The International Six Days Enduro (ISDE), formerly known as the International Six Days Trial (ISDT), is the oldest 'off-road' motorcycle event on the FIM Calendar.

The ISDT was first held in 1913 at Carlisle, England. It has occurred annually, apart from interruptions due to World War I and World War II, at various locations throughout the world.  The early events were a true test of machine, rider skill and reliability. Held on the 'roads' of that era, today most of the routes are truly 'off-road'. Originally titled the International Six Days Trial, in 1981 the FIM decided to update the name to International Six Days Enduro, the name Enduro having been devised by the Americans and popularised by many motorcycle manufacturers also greater reflected the change in the event from a trial to more akin to a rally featuring skills more associated with cross country motocross.

The sport has been associated with many great motorcyclists before its 100th anniversary in 2013; this also includes women such as 1920s-30s star Marjorie Cottle. Up until 1973 the contest was always held in Europe. In 1973 it went outside  continent for the first time, to the United States. Since then it has been outside Europe more frequently: twice in Australia (1992 and 1998), once more in the United States (1994), Brazil (2003), New Zealand in 2006, Chile in 2007 and 2018, and Mexico in 2010. The 2014 event was held from the 3 to 8 of November in San Juan, Argentina.

The event has attracted national teams from as many as 32 countries in recent years. Over its long history the rules and conditions have changed to keep in step with the developments in the sport, but it remains a supreme test of rider and machine.  Over the six days and upwards of 1250 miles a rider must contend with strict rules about time allowances and restrictions on mechanical replacements, carrying out his or her own motorcycle repairs. The ISDE can attract entries of more than 500 riders, together with thousands of support crew and spectators. This has a major impact on tourist income for the venue in which it is based each year. For 2013, the 100th anniversary of the holding of the first ISDT, the FIM announced that there were a record number of pre-entry requests of 820 covering 35 nations from across the Globe with 600 entries being allowed to compete.

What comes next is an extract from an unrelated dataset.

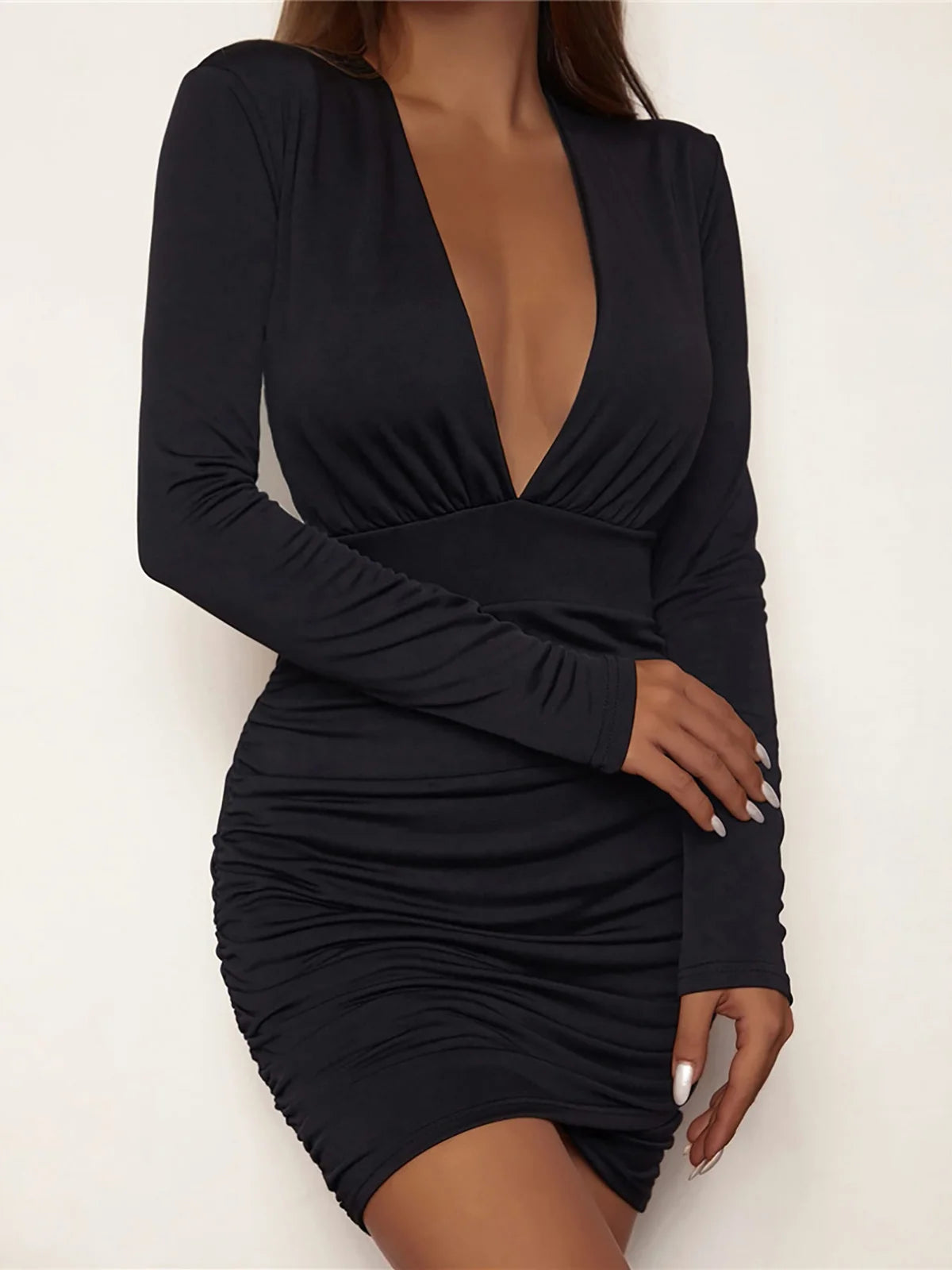 新作Vネックプリーツ長袖ドレス パーティー用ボディコンドレス エレガントミニドレス レディースタイトドレス クラブウェア ワンピース D371

Usually referred to as the 'Olympics of Motorcycling' with trophies for best four-rider national, three-rider junior national, three-rider women's national, three-rider club national and three-rider manufacturing teams. Gold, silver and bronze medals are awarded on an individual level.  The medals are typically awarded based on percentage of finishers, or relative to the best individual performance in the event within their specific class. Individual gold medals go to participants who finish within 10% of their class' top competitor's total elapsed time, silver medals are awarded for those who finish within 25%, and bronze medals are awarded to any rider who finishes all six days within their time allowance.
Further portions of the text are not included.